Jun 08 11:25:22 worker1 kubelet[14339]: E0608 11:25:22.421184 14339 remote_runtime.go:115] StopPodSandbox "47da29873230d830f0ee21adfdd3b06ed0c653a0001c29289fe78446d27d2304" from runtime service failed: rpc error: code = DeadlineExceeded desc = context deadline exceeded
Jun 08 11:25:22 worker1 kubelet[14339]: E0608 11:25:22.421212 14339 kuberuntime_manager.go:780] Failed to stop sandbox {"docker" "47da29873230d830f0ee21adfdd3b06ed0c653a0001c29289fe78446d27d2304"}
Jun 08 11:25:22 worker1 kubelet[14339]: E0608 11:25:22.421247 14339 kuberuntime_manager.go:580] killPodWithSyncResult failed: failed to "KillPodSandbox" for "7f1c6bf1-6af3-11e8-856b-fa163e3d1891" with KillPodSandboxError: "rpc error: code = DeadlineExceeded desc = context deadline exceeded"
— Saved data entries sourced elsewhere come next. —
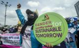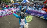 REPUBLIKA.CO.ID, JAKARTA -- Sejumlah buruh perempuan melakukan aksi unjuk rasa dalam rangka memperingati Hari Perempuan Internasional di depan Gedung DPR, Jakarta, Selasa (8/3/2022). Dalam aksinya mereka menuntut agar adanya hak yang berkaitan dengan perempuan dalam pekerjaan serta membatalkan UU Omnibuslaw Cipta Kerja.
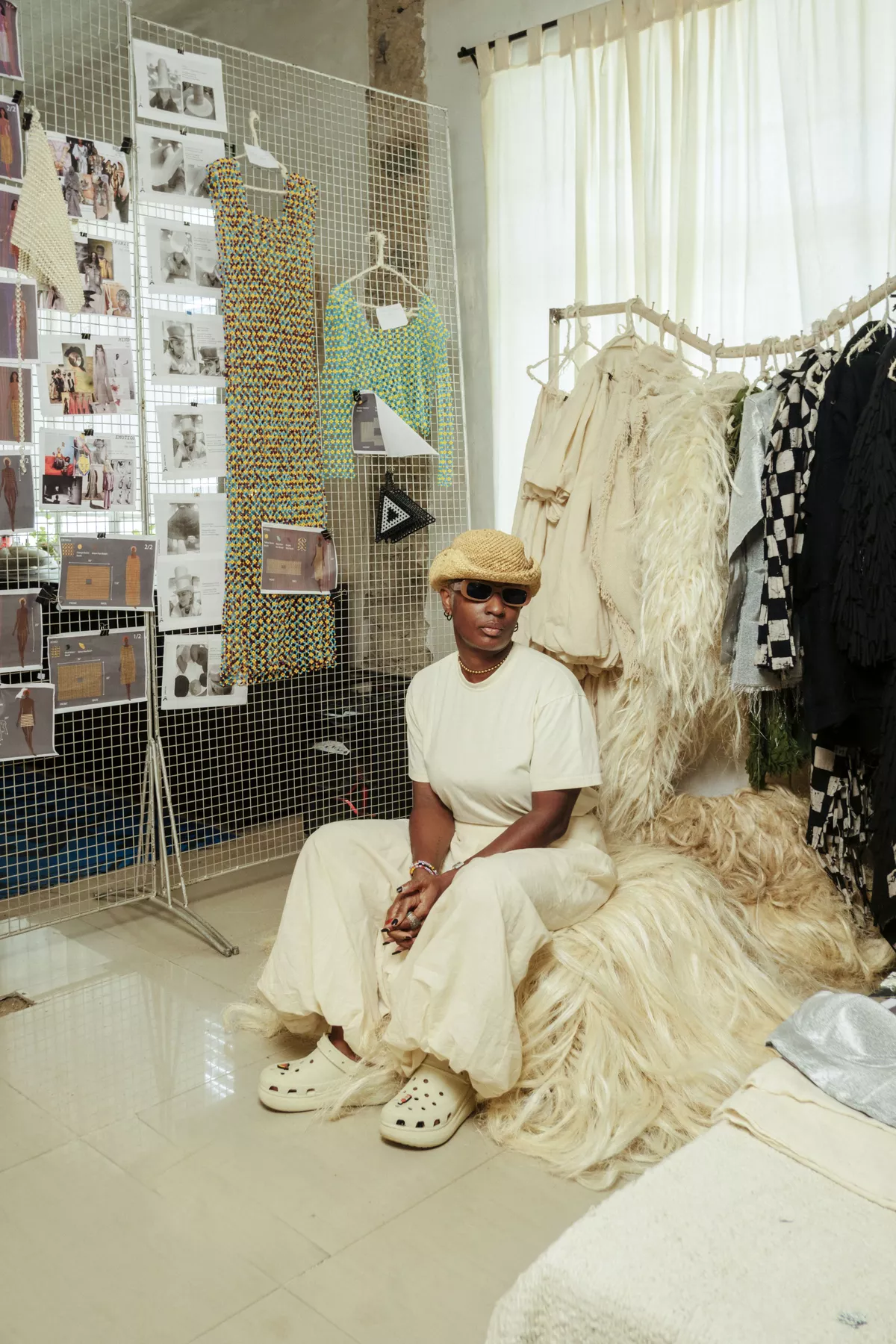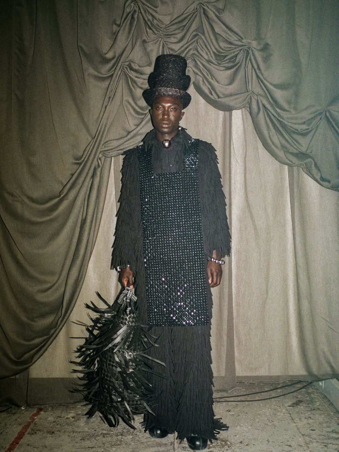 Her Spring Summer 2026 collection, titled Dual Mandate, continues her practice of using African traditions, techniques, and materials - Nigerian raffia and jute, cotton from Uganda and Kenya, and sisal from Tanzania - to produce various textiles and incorporates the body as an additional dimension to unify form and function and tell stories of the past and future. Techniques on display include hand-weaving, chainmail, crochet and glass blowing.
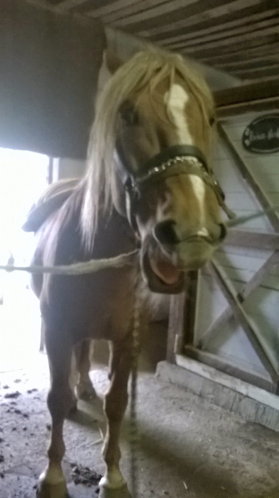 Myös ollut ihan ”luottamus” tehtäviä, nimittäin tammalaitumella on eräs tamma, joka vihaa pomoani. Ei suostu tulemaan portille, jos näkee valmentajan narun kanssa, mutta tänään tuli mun luokse ilman mitään ongelmaa. Ensimmäisellä kerralla tyttönen vähän epäröi, kun outo ihminen tulee hakemaan, mutta tänään (toinen kerta) tuli jo ihan omasta tahdostaan, kun nimeltä huutelin. Pomo nyt sitten päätti, että jos tammuskasta tule juoksijaa, niin sitten se tulee mulle ratsuksi. Jos joku sen sitten vain ensin kouluttaa, mä en siihen hommaan nimittäin lähde, vaikka symppisluonne neitosella onkin. 🙂
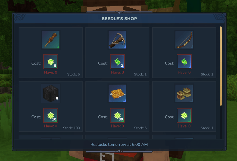With almost 40 different trades, Beedle can offer a wide variety of blocks, food, and armor for you to buy with life essence. You can find Beedle commonly in plains but he can be found in any zone. Just look for that signature backpack and you will find him waddling along.
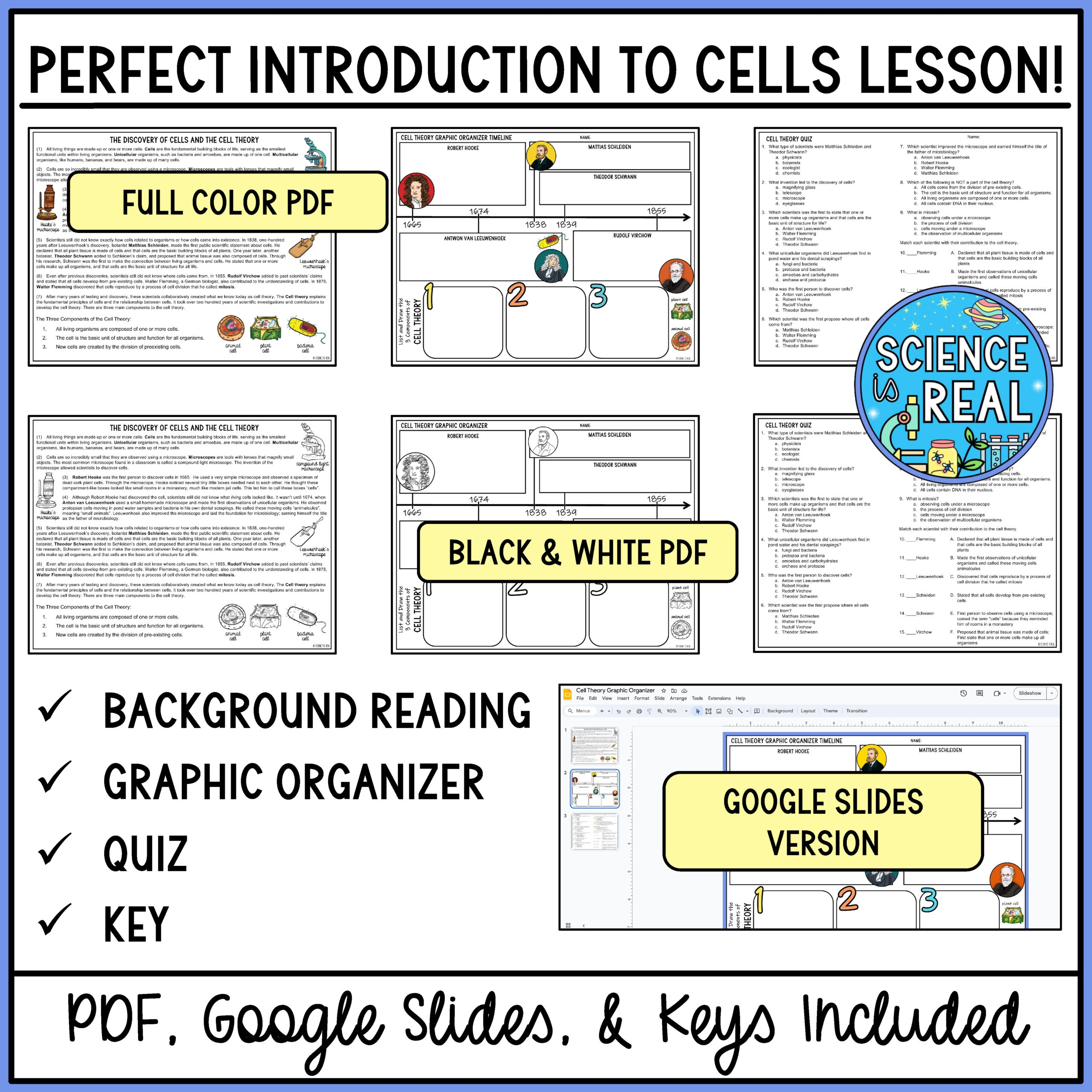Cell Theory Graphic Organizer With Reading Comprehension And Quiz
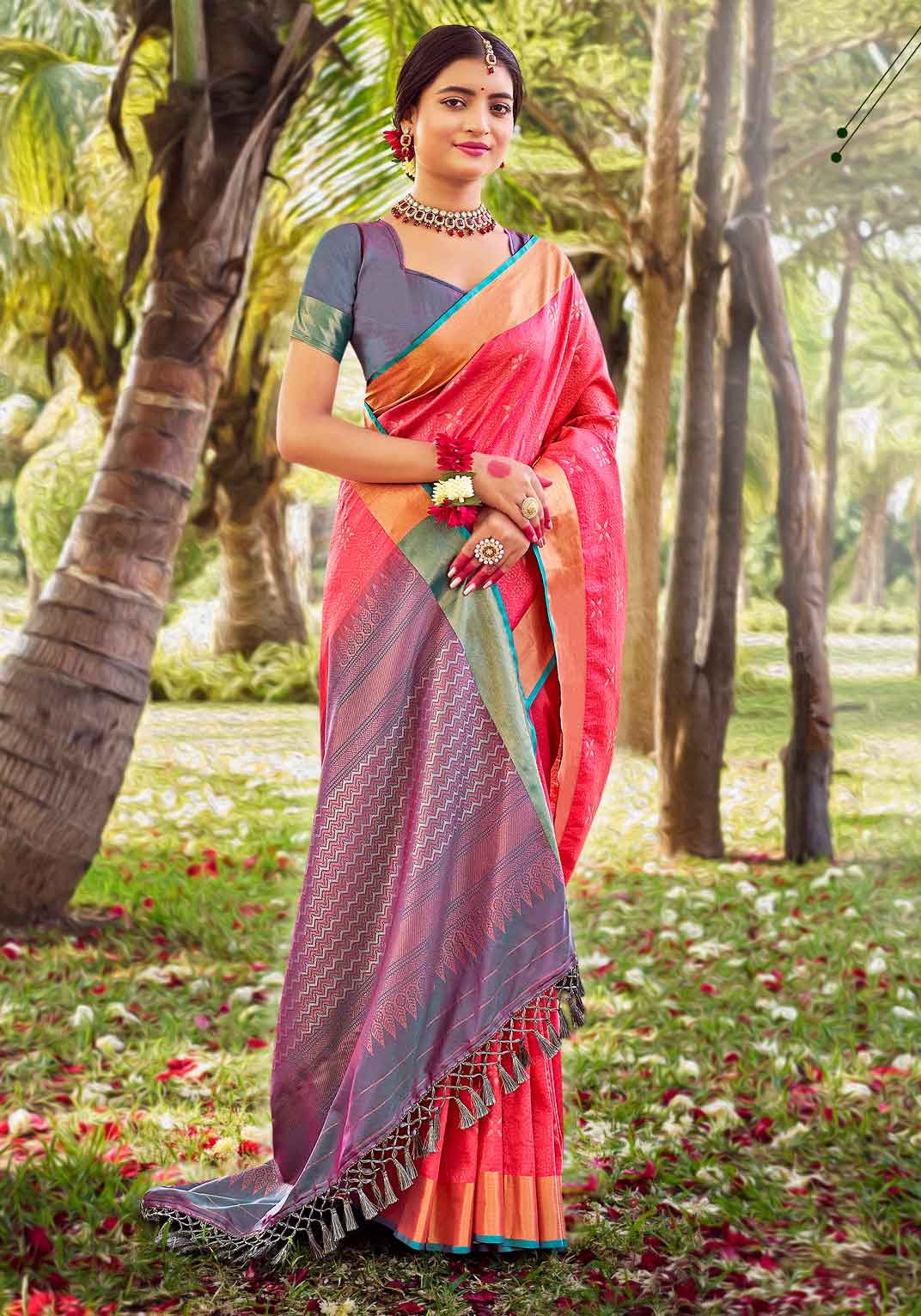 - Draped in a luxurious soft silk saree, this stunning piece a vibrant pink and purple body with intricate zari weaving and a contrasting border

Jun 08 11:25:22 worker1 kubelet[14339]: E0608 11:25:22.421262 14339 pod_workers.go:182] Error syncing pod 7f1c6bf1-6af3-11e8-856b-fa163e3d1891 ("wordpress-766d75457d-spdrb_default(7f1c6bf1-6af3-11e8-856b-fa163e3d1891)"), skipping: failed to "KillPodSandbox" for "7f1c6bf1-6af3-11e8-856b-fa163e3d1891" with KillPodSandboxError: "rpc error: code = DeadlineExceeded desc = context deadline exceeded"
Failed create pod sandbox.
... is almost always a CNI failure; I would check on the node that all the weave containers are happy, and that /opt/cni/bin is present (or its weave equivalent)
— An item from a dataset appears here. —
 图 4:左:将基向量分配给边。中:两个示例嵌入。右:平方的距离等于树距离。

You may have to check both the journalctl -u kubelet.service as well as the docker logs for any containers running to discover the full scope of the error on the node.
It's seem to working by removing the$KUBELET_NETWORK_ARGS in /etc/systemd/system/kubelet.service.d/10-kubeadm.conf
I have removed $KUBELET_NETWORK_ARGS and restarted the worker node then pods got deployed successfully.
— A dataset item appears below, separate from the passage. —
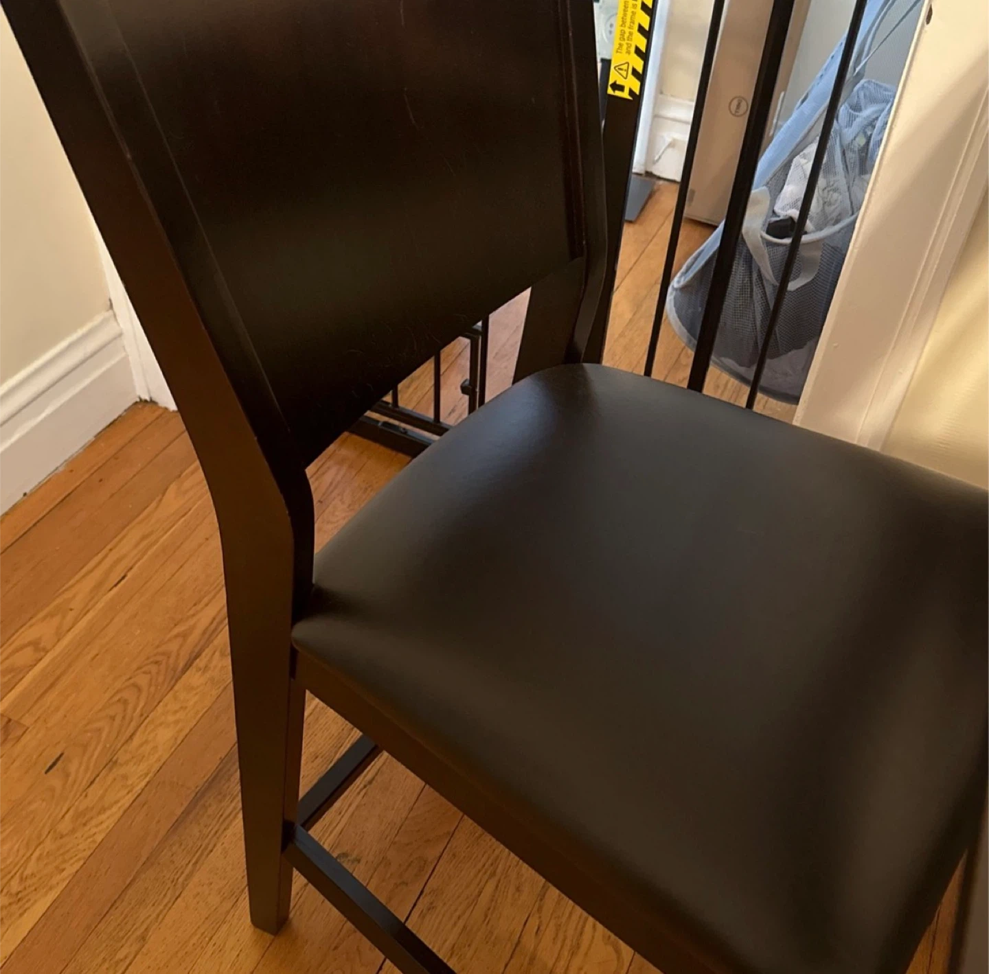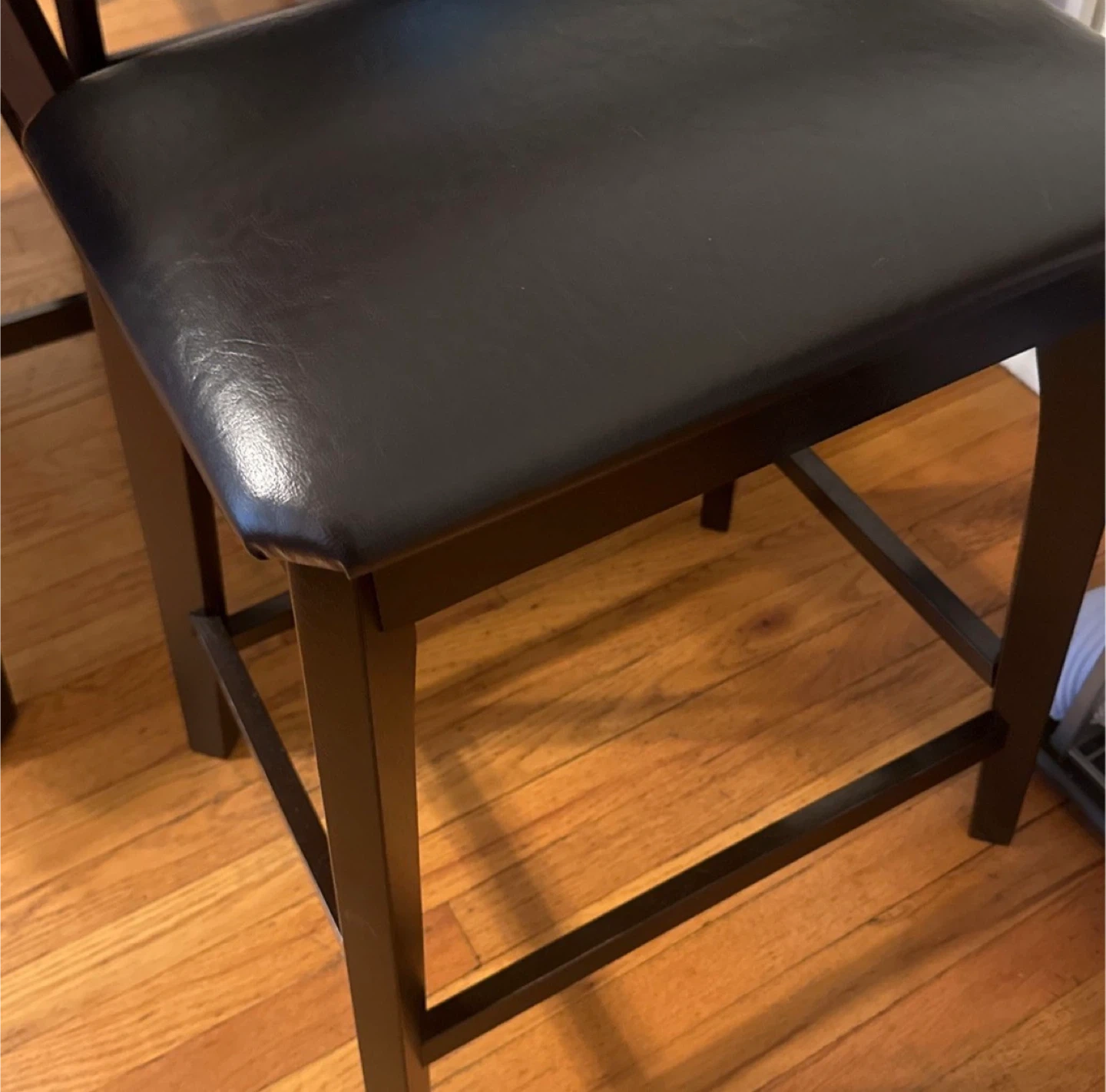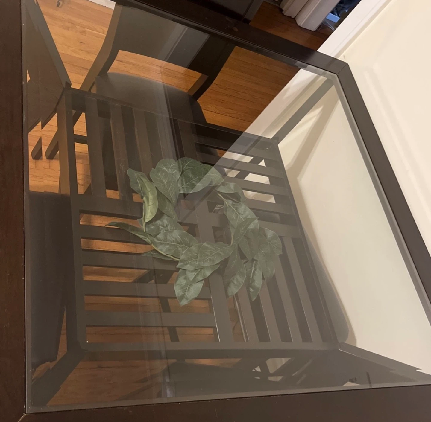 Selling a dining table set with a glass top and four chairs. The set is in good condition and would be perfect for a dining area or kitchen. The chairs have black leather seats. Wood/glass combo. Table top is about 48” X 48”, approx. 36 1/2 inches tall. Comes with 2 chairs and 2 stools.

As Matthew said it's most likely a CNI failure.
First, find the node this pod is running on:
kubectl get po wordpress-766d75457d-zlvdn -o wide
Next in the node where the pod is located check /etc/cni/net.d if you have more than one .conf then you can delete one and restart the node.
source: https://github.com/kubernetes/kubeadm/issues/578.
note this is one of the solutions.
While hopefully it's no one else's problem, for me, this happened when part of my filesystem was full.
I had pods stuck in ContainerCreating only on one node in my cluster. I also had a bunch of pods which I expected to shutdown, but hadn't. Someone recommended running
sudo systemctl status kubelet -l
which showed me a bunch of lines like
Jun 18 23:19:56 worker01 kubelet[1718]: E0618 23:19:56.461378 1718 kuberuntime_manager.go:647] createPodSandbox for pod "REDACTED(2c681b9c-cf5b-11eb-9c79-52540077cc53)" failed: mkdir /var/log/pods/2c681b9c-cf5b-11eb-9c79-52540077cc53: no space left on device
I confirmed that I was out of space with
$ df -h
Filesystem Size Used Avail Use% Mounted on
devtmpfs 189G 0 189G 0% /dev
tmpfs 189G 0 189G 0% /sys/fs/cgroup
/dev/mapper/vg01-root 20G 7.0G 14G 35% /
/dev/mapper/vg01-tmp 4.0G 34M 4.0G 1% /tmp
/dev/mapper/vg01-home 4.0G 72M 4.0G 2% /home
/dev/mapper/vg01-varlog 10G 10G 20K 100% /var/log
/dev/mapper/vg01-varlogaudit 2.0G 68M 2.0G 4% /var/log/audit
I just had to clear out that dir (and did some manual cleanup on all the pending pods and pods that were stuck running).